Work on New City Hall Moving Forward

Much progress has been made on the renovation of the old State Bank building in downtown Lexington for the new City Hall. The first major concern of the citizens was addressed when the asbestos abatement was completed before any other tear down and construction began. Olmos Abatement, Inc. from Manor was hired to perform the abatement and took only two days to complete the job at a cost of $4,200 to the City. An abatement consultant was hired to monitor the air quality during abatement and was responsible for purchasing the proper permits required by the EPA. The cost for the consultant was $2,100. Couple that with the abatement contractor fee and the total was well under the original $10,000 estimate to address the environmental issue.
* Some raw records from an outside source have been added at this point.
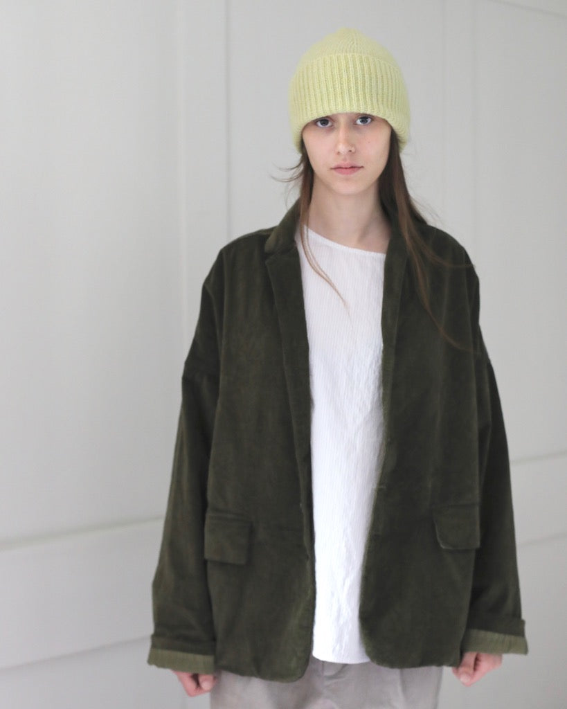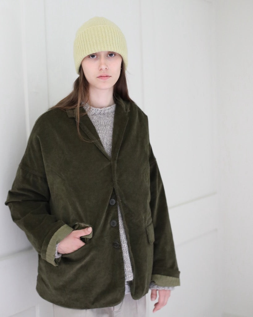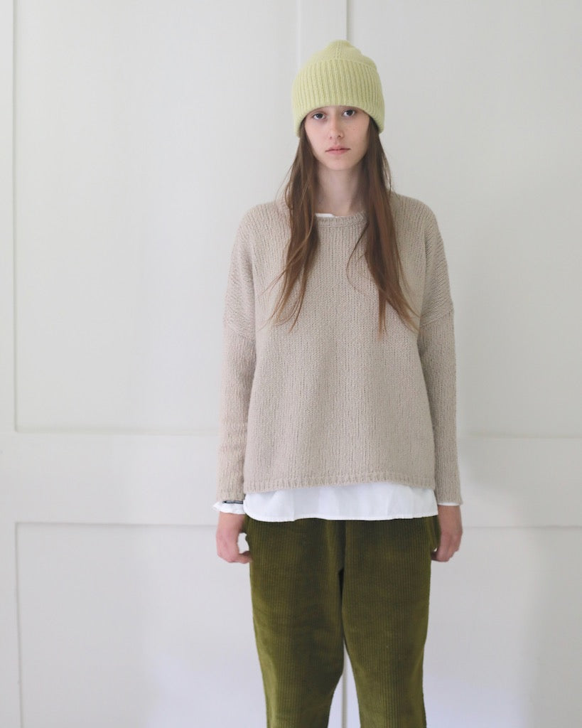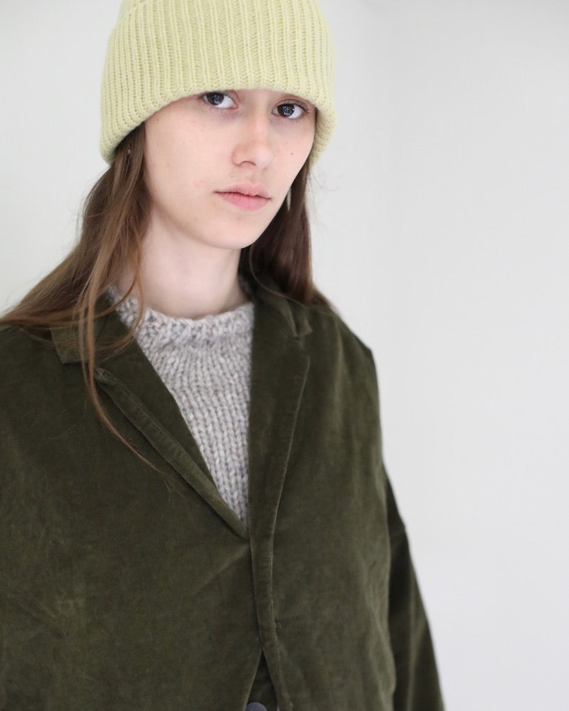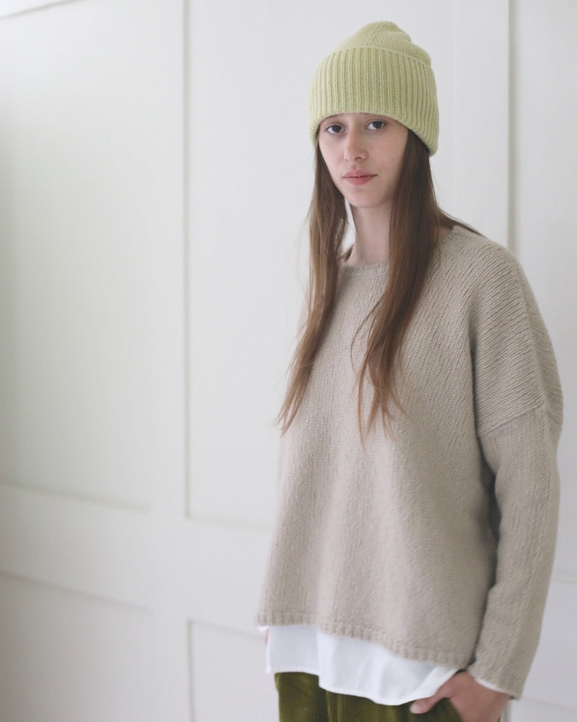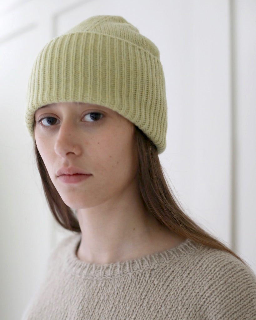 Description: This beautiful knit beanie by Mature Ha in a muted yellow is very light weight, soft and warm. With a wide, ribbed edge this unisex hat can be worn neatly cuffed or full length.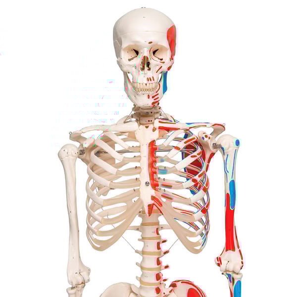 O modelo de esqueleto anatómico Max com músculos possui todas as vantagens de um esqueleto nos oferecendo além disso a interação entre os músculos e o esqueleto.
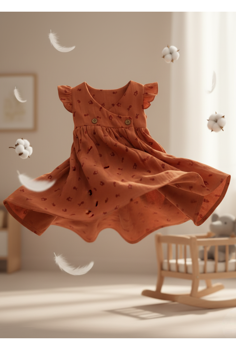 The Rustic Sunset Blossom frock brings earthy charm and gentle comfort together โ€” featuring puff-flutter sleeves and tiny floral patterns on soothing rust cotton.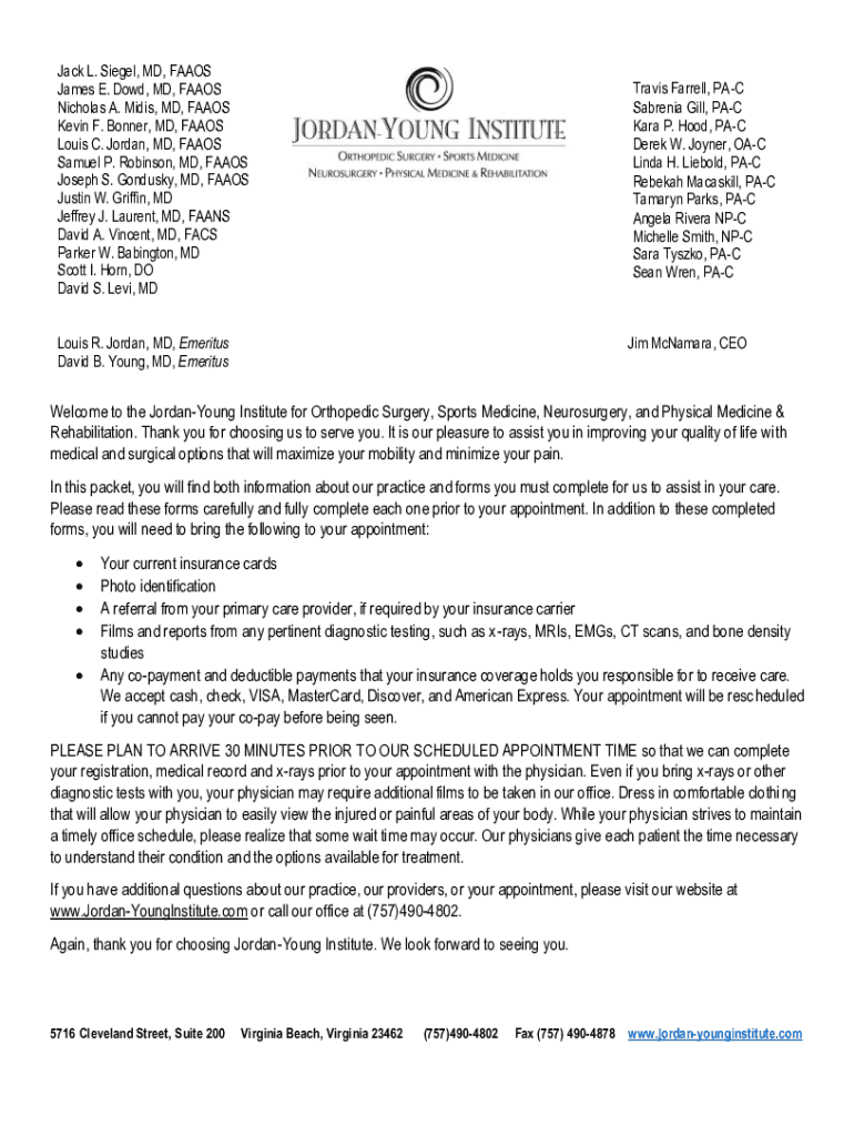 Jack L. Siegel, MD, FA AOS James E. Down, MD, FA AOS Nicholas A. Midis, MD, FA AOS Kevin F. Bonner, MD, FA AOS Louis C. Jordan, MD, FA AOS Samuel P. Robinson, MD, FA AOS Joseph S. Sandusky, MD, FA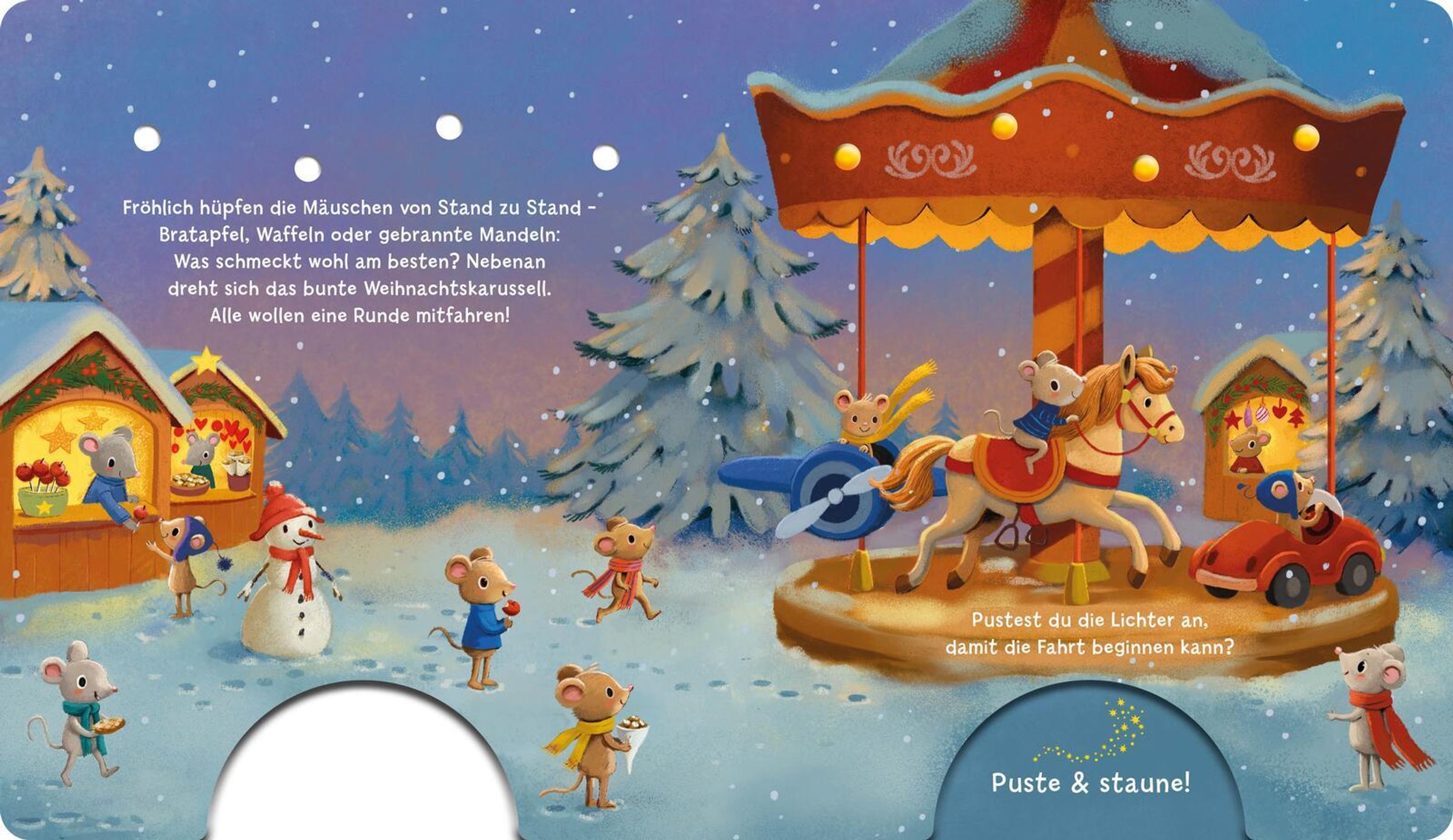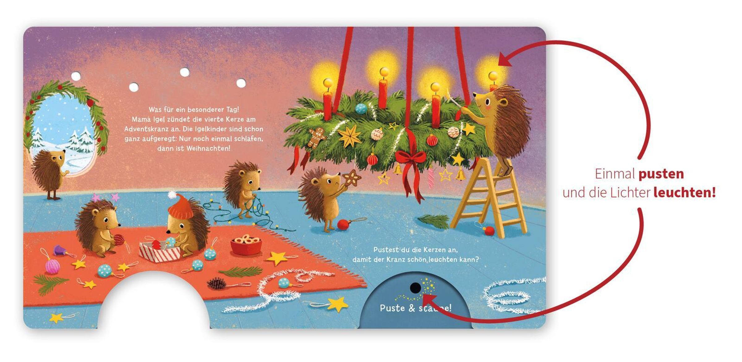 Die kleinen Leser ab 18 Monaten können auf jeder Seite mitmachen und die leuchtenden LED-Lichter durch Pusten zum Funkeln bringen. Ein zauberhaftes Puste-Buch zum Kennenlernen der Weihnachtsrituale.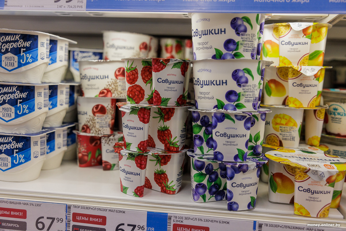 Зерненый «Савушкин» тоже есть в продаже, коробочку можно унести домой за почти 68 российских рублей, или 2,48 белорусского. В Минске на это хватит 1,56 рубля. Кстати, если присмотреться к ценникам, можно увидеть акцент на названии страны-производителя.
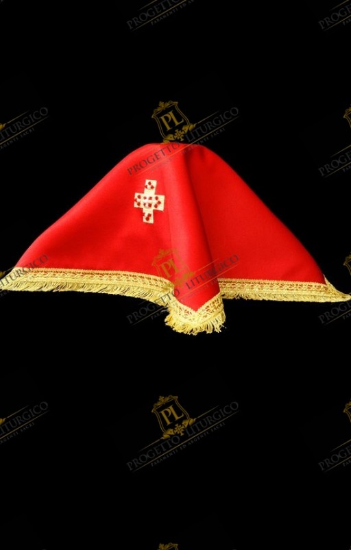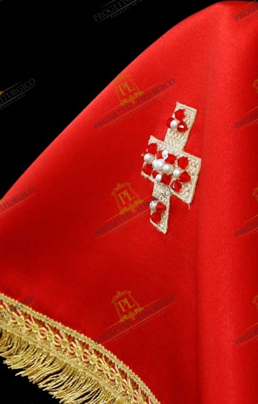 Il velo del calice rosso è realizzato in tessuto cady di misto seta, foderato con raso dorato. Sul davanti una croce ricamata e impreziosita con cristalli rossi e perle, riporta al simbolo del sacrificio di Cristo, di cui il calice raccoglie il sangue.

The contractor hired to do the finishing work inside the building, Fritcher and Langham from Giddings, has started their portion of the renovation. They have taken out half the cashier counters, studded in several walls adjacent to the handicap ramp and the vault, knocked out other walls, roughed in the wheel chair ramp and removed all the old carpet.

City Council member Tony Tavary, who serves with Lori Barnikow on the new City Hall Renovation Committee said this week, "The renovation is not a big job. It's just a bunch of small jobs. On Wednesday of this week, we will be meeting with the contractor to select floor tiles and to see samples of formica for the counter tops."

Lexington Mayor Robert Willrich, Sr. said, "We are very happy with the progress on the new City Hall. Our City workers began the work with repairing some of the exterior issues, including removing the old bank signs, power washing the exterior of the building and cleaning up some of the asphalt on the streets surrounding the building."

Willrich finished by saying, "Our City Council members Tony Tavary and Lori Barnikow, who have worked very hard on this project, said it is their expectation that the work will be completely finished before Thanksgiving, allowing the City to move in to the facility before the end of the year."